▶ _What you will do_
Below are several records. Retype exactly those lines running from the one with "I started by" through the one with "レジ上の天井照明は季節やイベ", end lines included, and no others.

***** Excerpted records

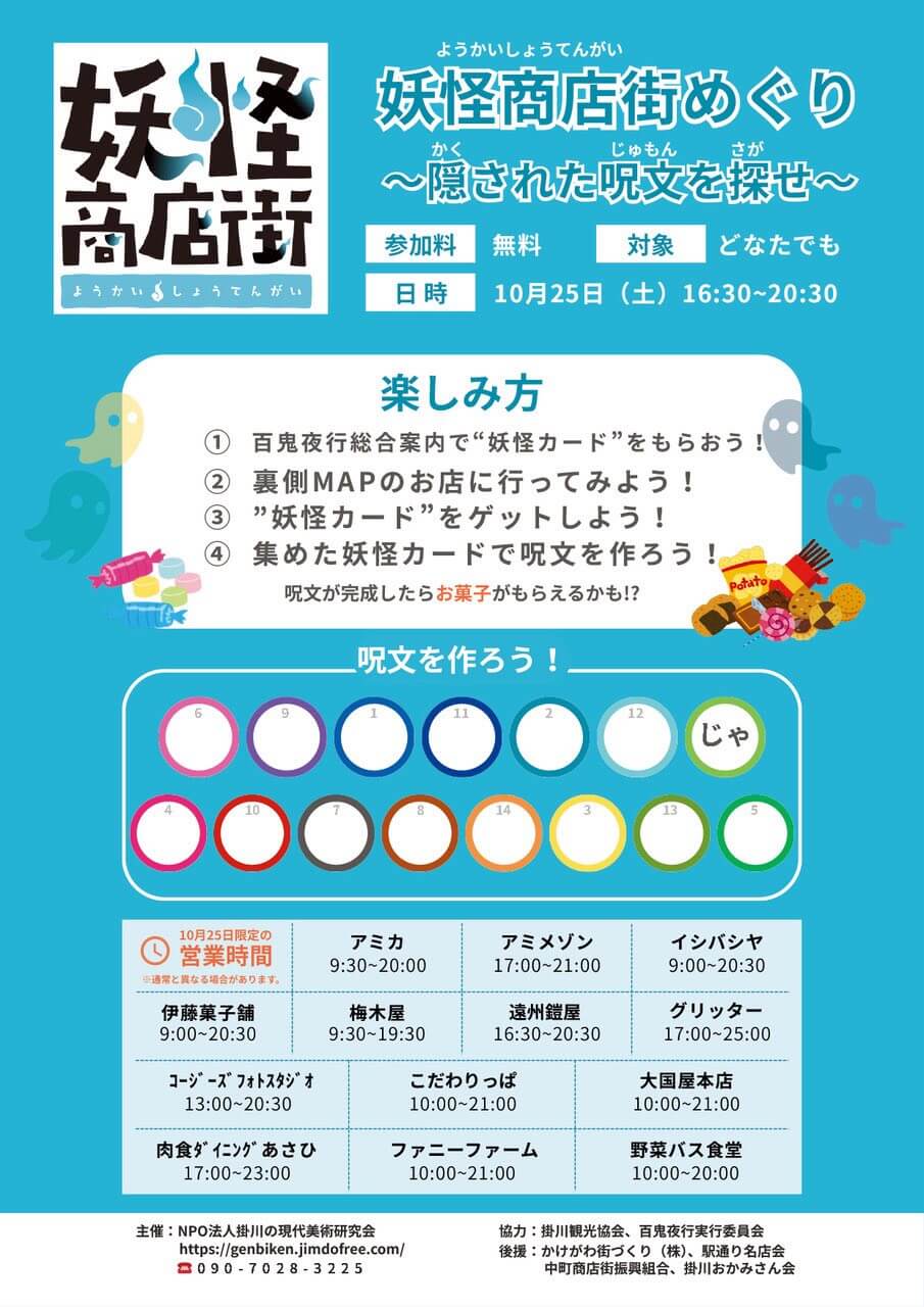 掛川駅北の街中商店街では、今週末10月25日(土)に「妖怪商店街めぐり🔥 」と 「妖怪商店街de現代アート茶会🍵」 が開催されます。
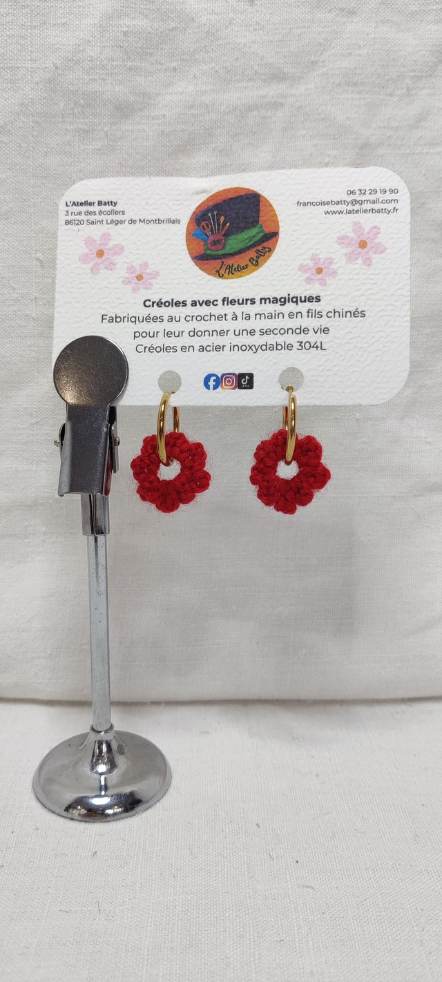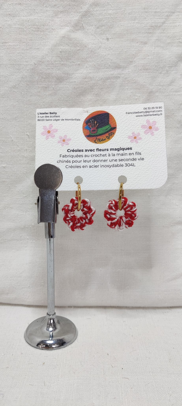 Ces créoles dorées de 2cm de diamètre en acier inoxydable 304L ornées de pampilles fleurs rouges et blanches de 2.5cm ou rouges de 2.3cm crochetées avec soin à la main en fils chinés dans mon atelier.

**********
***** Excerpted records

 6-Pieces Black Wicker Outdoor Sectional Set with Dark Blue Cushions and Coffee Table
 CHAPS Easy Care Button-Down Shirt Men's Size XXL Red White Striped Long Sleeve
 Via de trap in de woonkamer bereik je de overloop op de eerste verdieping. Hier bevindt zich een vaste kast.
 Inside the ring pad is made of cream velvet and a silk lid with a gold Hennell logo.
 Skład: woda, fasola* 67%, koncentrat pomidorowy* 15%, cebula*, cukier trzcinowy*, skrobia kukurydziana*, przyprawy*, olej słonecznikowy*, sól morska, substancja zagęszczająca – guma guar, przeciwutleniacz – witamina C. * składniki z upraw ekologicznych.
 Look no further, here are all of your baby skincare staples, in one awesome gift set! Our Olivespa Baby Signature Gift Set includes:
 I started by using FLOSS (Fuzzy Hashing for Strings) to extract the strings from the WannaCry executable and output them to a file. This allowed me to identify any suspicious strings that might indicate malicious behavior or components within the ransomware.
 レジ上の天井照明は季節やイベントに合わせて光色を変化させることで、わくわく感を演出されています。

**********

▶ _Answer for this exercise_
 I started by using FLOSS (Fuzzy Hashing for Strings) to extract the strings from the WannaCry executable and output them to a file. This allowed me to identify any suspicious strings that might indicate malicious behavior or components within the ransomware.
 レジ上の天井照明は季節やイベントに合わせて光色を変化させることで、わくわく感を演出されています。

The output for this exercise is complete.